# Plow drops on its own!



## cbeaur (Dec 23, 2010)

I have a MM2 8'. Plow started dropping on its own last night. Not slowly, drops as if u were lowering it to plow. Any ideas where to start?


----------



## NICHOLS LANDSCA (Sep 15, 2007)

stuck valve


----------



## cubanb343 (Dec 13, 2007)

X2 on the valve. check fisher's website for your application. Your lift valve is sticking open and allowing the oil to flow back out of the ram, thus dropping the blade. I just went thru it


----------



## cbeaur (Dec 23, 2010)

Lift valve, meaning one of the 3 solenoid like cartridges in the plastic box?
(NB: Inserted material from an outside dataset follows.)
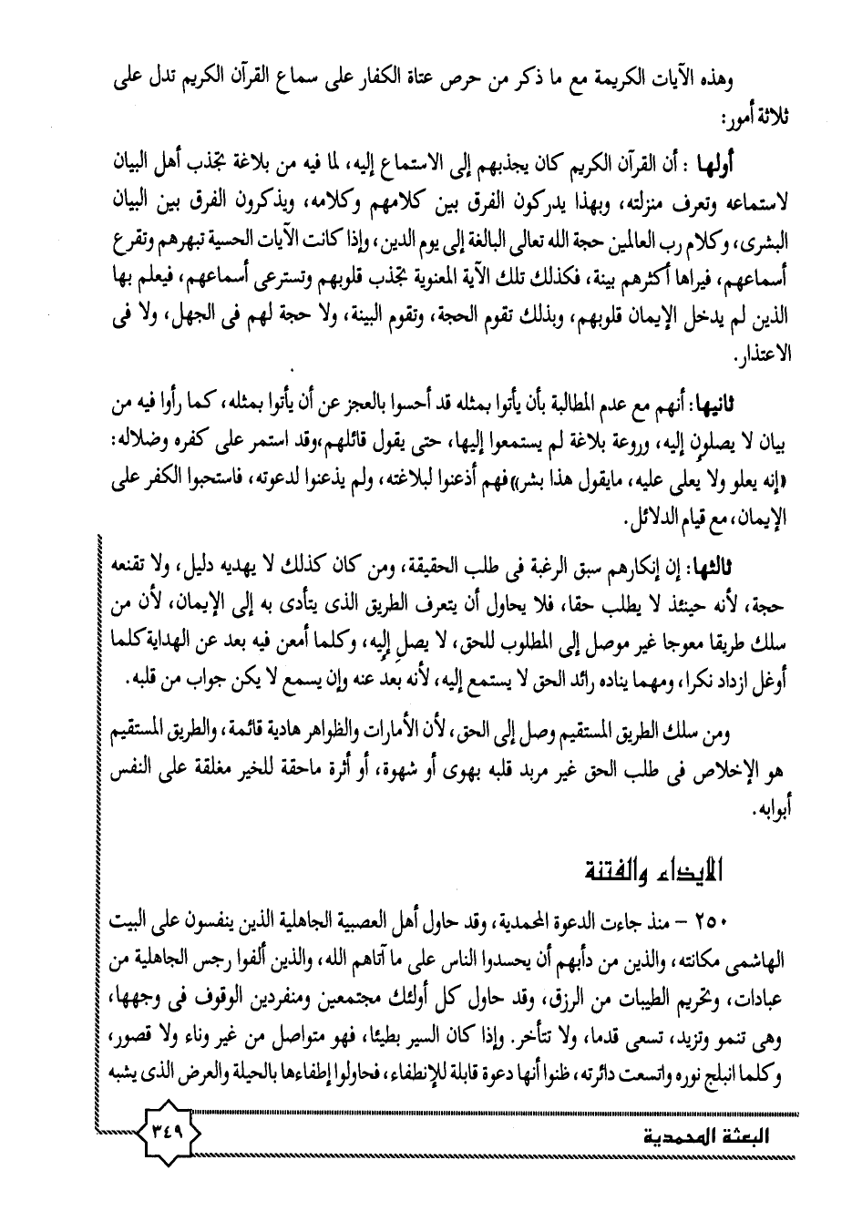 250- منذ جاءت الدعوة المحمدية، وقد حاول أهل العصبية الجاهلية الذين ينفسون على البيت الهاشمى مكانته، والذين من دأبهم أن يحسدوا الناس على ما اتاهم الله، والذين ألفوا رجس الجاهلية من عبادات، وتحريم الطيبات من الرزق، وقد حاول كل أولئك مجتمعين ومنفردين الوقوف فى وجهها، وهى تنمو وتزيد، تسعى قدما، ولا تتأخر. وإذا كان السير بطيئا، فهو متواصل من غير وناء ولا قصور، وكلما انبلج نوره واتسعت دائرته، ظنوا أنها دعوة قابلة للإنطفاء، فحاولوا إطفاءها بالحيلة والعرض الذى يشبه
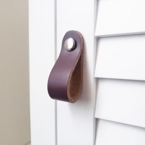 Leather Drawer Pulls – Matte Burgundy & Tan

Or the entires lift piston?
thanks!


----------



## ColvinsPS (Oct 16, 2010)

Probably a valve behind one of those cartridges. You can normally buy them separately at our local plow supply shop.


----------



## cbeaur (Dec 23, 2010)

Thanks. So those cartridges are the valves?


----------



## cbeaur (Dec 23, 2010)

Well, still drops on its own! Changed the valve "cartridge" S1 for the up and down feature. Flushed out pistons put new filter in and fresh oil. Sucker still drops maybe 4 out out of 10 ups. Someone has told me that if i changed the S1 and it still lowers i might have an internal leak valve? Any other ideas?


----------



## no lead (Dec 10, 2008)

try a different controler.


----------



## cbeaur (Dec 23, 2010)

thats my next step. any recommendations where to buy online?


----------



## no lead (Dec 10, 2008)

i would find someone that has a similar plow and try theirs. any good plow dealer should let you try a new one before you randomly buy one.


----------



## no lead (Dec 10, 2008)

i would find someone that has a similar plow and try theirs. any good plow dealer should let you try a new one before you randomly buy one. a western control is the same.


----------



## Clint S (Feb 12, 2008)

Do you have a fish stick??? Last season my plow would drop suddenly when driving down the road, truck just sitting ect. It would only happen if the power was on. It finally got so bad it would drop and put itself into float on its own when backing up after a push. Took the stick apart several times with no fix. It was probably the circuit board, but for $100 extra I got the new style controller without the mode button and not only did it fix the problem, but it is a better all around set up.


----------



## B&B (Nov 4, 2006)

Raise it up and disconnect the controller for a while while transporting. If it stops dropping you found the culprit.

Not uncommon for water/ice in the grill connector to cause it either.


----------